START Input material

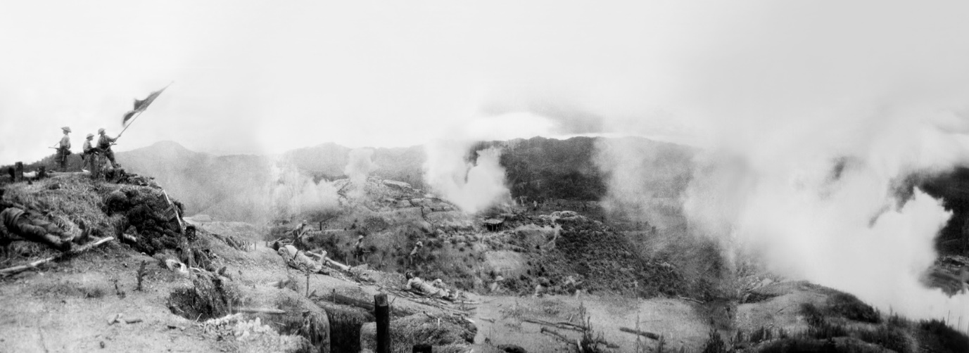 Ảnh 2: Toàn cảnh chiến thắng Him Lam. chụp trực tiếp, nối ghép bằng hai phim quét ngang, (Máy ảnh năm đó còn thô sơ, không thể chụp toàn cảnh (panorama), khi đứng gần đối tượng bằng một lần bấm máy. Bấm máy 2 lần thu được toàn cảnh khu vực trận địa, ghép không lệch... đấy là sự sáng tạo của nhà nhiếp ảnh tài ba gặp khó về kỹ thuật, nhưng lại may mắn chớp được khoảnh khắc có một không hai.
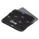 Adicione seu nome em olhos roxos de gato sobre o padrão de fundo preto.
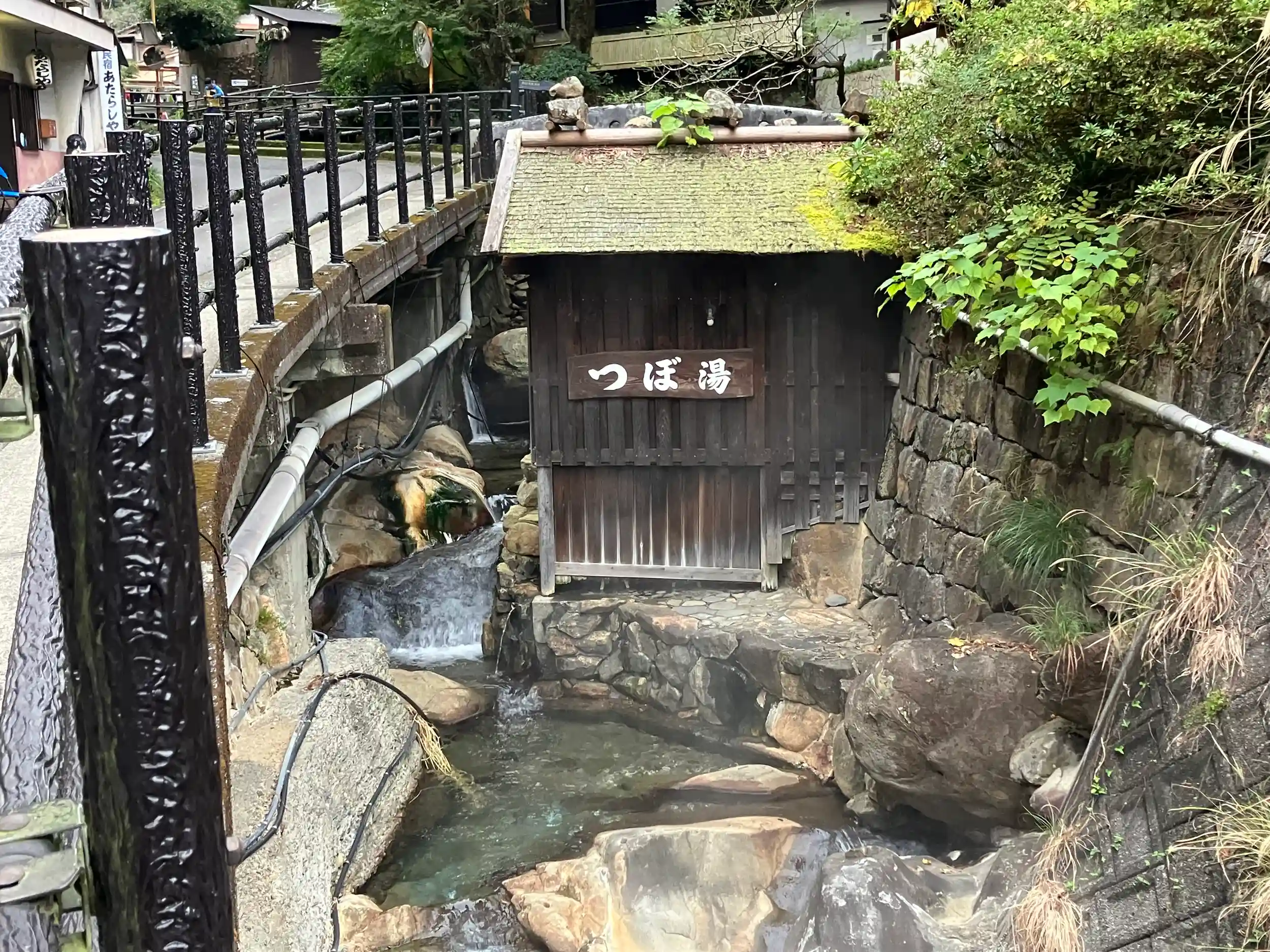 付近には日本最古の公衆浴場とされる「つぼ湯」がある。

END Input material
START Input material

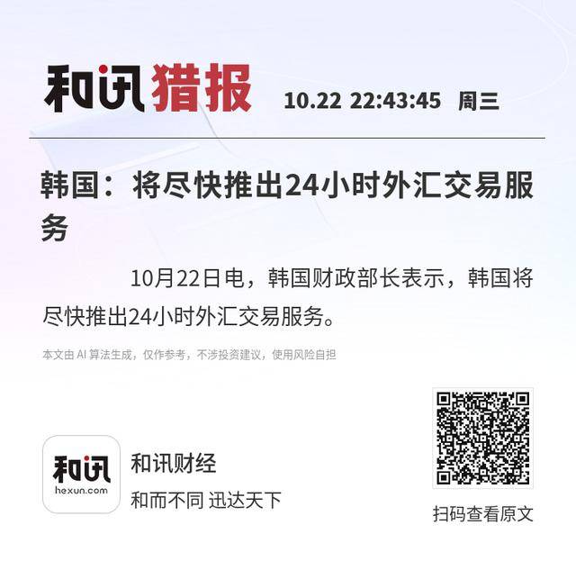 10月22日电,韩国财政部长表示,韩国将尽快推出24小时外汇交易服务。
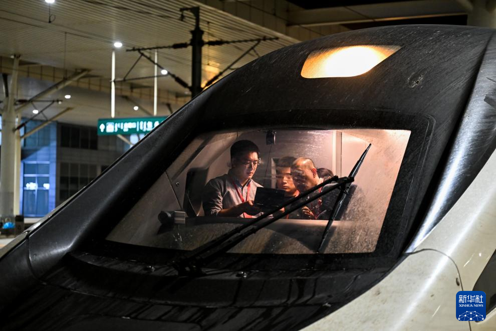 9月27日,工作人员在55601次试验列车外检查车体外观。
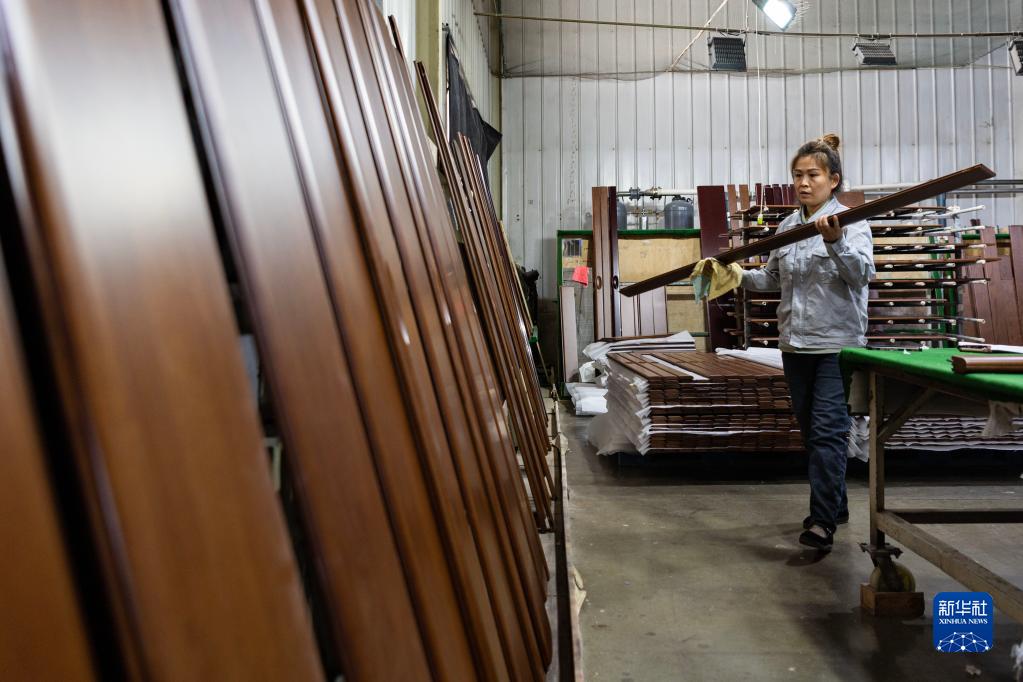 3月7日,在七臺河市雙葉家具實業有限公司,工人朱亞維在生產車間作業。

END Input material
START Input material

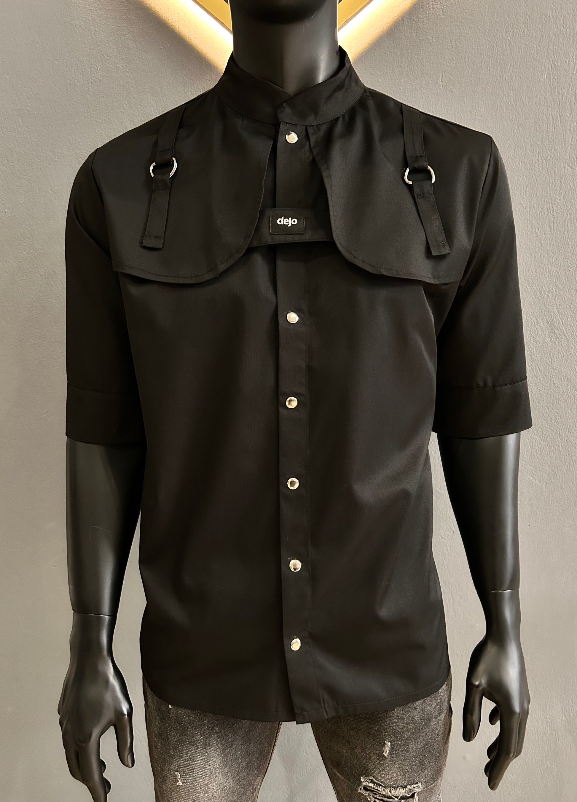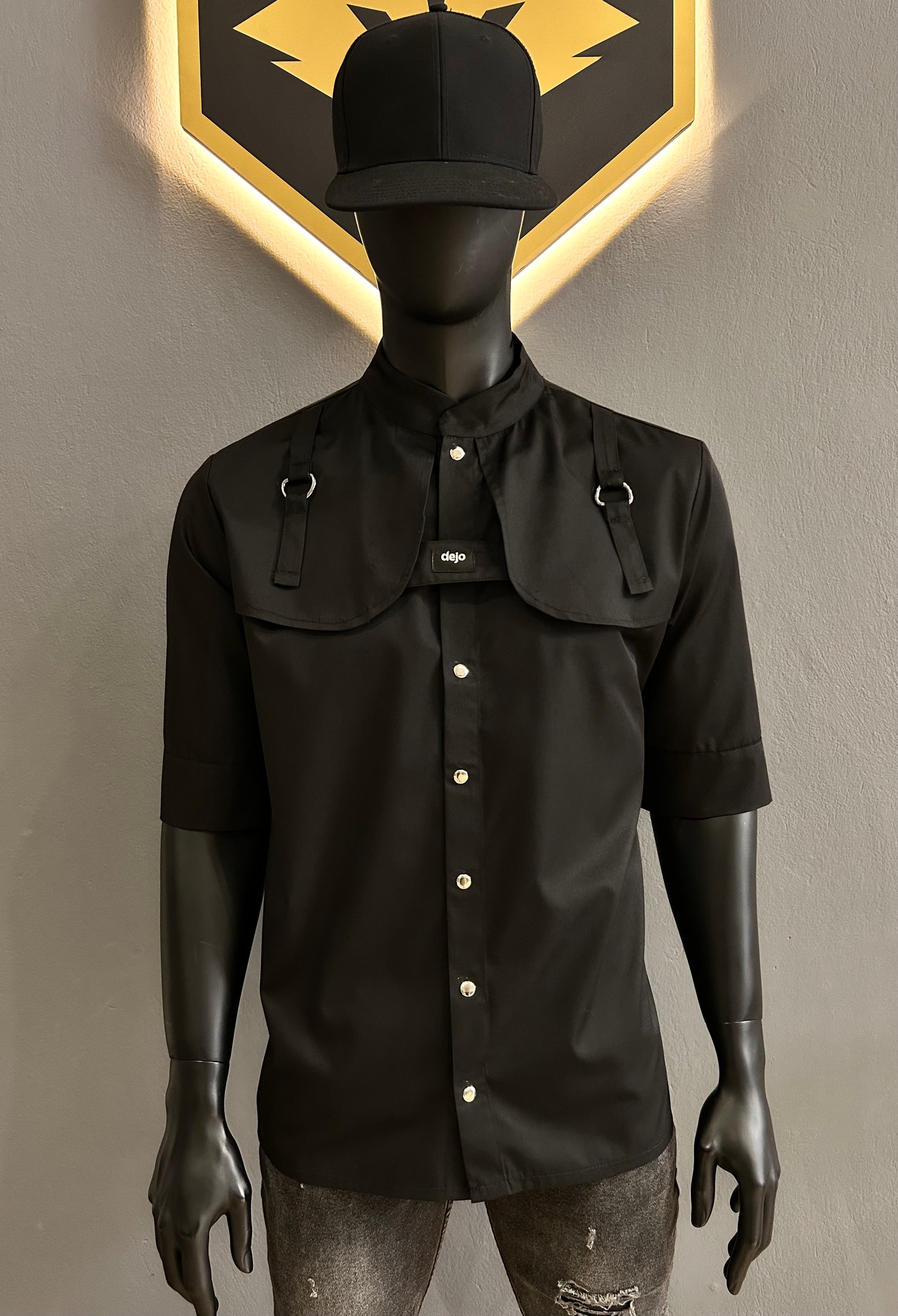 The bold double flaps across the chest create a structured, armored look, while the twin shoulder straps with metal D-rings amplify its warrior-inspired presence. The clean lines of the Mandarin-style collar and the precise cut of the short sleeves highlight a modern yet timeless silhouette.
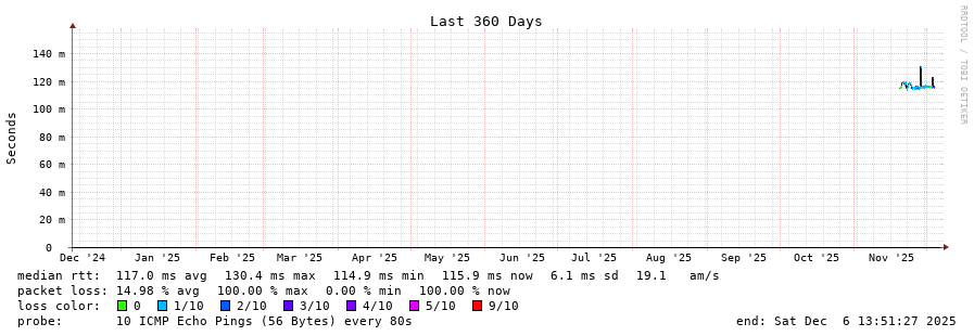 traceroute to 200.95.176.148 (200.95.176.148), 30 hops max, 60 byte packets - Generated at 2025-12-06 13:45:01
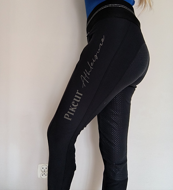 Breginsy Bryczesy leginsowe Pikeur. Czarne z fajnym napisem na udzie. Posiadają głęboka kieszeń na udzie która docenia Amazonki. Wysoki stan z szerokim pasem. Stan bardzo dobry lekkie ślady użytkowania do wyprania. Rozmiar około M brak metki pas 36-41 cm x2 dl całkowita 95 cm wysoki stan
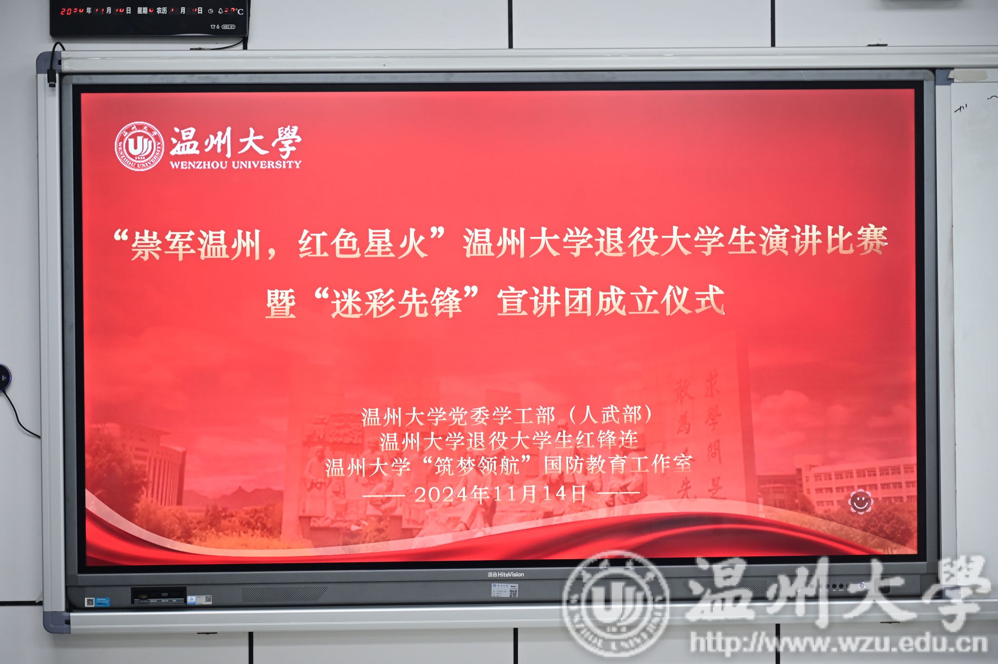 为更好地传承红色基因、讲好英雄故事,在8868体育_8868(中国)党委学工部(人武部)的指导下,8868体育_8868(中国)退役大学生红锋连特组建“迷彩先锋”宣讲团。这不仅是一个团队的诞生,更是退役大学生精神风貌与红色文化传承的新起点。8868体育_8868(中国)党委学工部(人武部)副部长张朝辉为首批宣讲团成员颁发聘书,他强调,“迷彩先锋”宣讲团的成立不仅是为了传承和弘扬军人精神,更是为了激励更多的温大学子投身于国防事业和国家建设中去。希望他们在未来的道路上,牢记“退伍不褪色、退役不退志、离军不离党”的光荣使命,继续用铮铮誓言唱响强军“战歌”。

END Input material

*Task instructions*: Copy out the listing above from the line containing "The bold double" to the line containing "为更好地传承红色基因、讲好英", both included, exactly as written and minus the images.

*Result*:
 The bold double flaps across the chest create a structured, armored look, while the twin shoulder straps with metal D-rings amplify its warrior-inspired presence. The clean lines of the Mandarin-style collar and the precise cut of the short sleeves highlight a modern yet timeless silhouette.
 traceroute to 200.95.176.148 (200.95.176.148), 30 hops max, 60 byte packets - Generated at 2025-12-06 13:45:01
 Breginsy Bryczesy leginsowe Pikeur. Czarne z fajnym napisem na udzie. Posiadają głęboka kieszeń na udzie która docenia Amazonki. Wysoki stan z szerokim pasem. Stan bardzo dobry lekkie ślady użytkowania do wyprania. Rozmiar około M brak metki pas 36-41 cm x2 dl całkowita 95 cm wysoki stan
 为更好地传承红色基因、讲好英雄故事,在8868体育_8868(中国)党委学工部(人武部)的指导下,8868体育_8868(中国)退役大学生红锋连特组建“迷彩先锋”宣讲团。这不仅是一个团队的诞生,更是退役大学生精神风貌与红色文化传承的新起点。8868体育_8868(中国)党委学工部(人武部)副部长张朝辉为首批宣讲团成员颁发聘书,他强调,“迷彩先锋”宣讲团的成立不仅是为了传承和弘扬军人精神,更是为了激励更多的温大学子投身于国防事业和国家建设中去。希望他们在未来的道路上,牢记“退伍不褪色、退役不退志、离军不离党”的光荣使命,继续用铮铮誓言唱响强军“战歌”。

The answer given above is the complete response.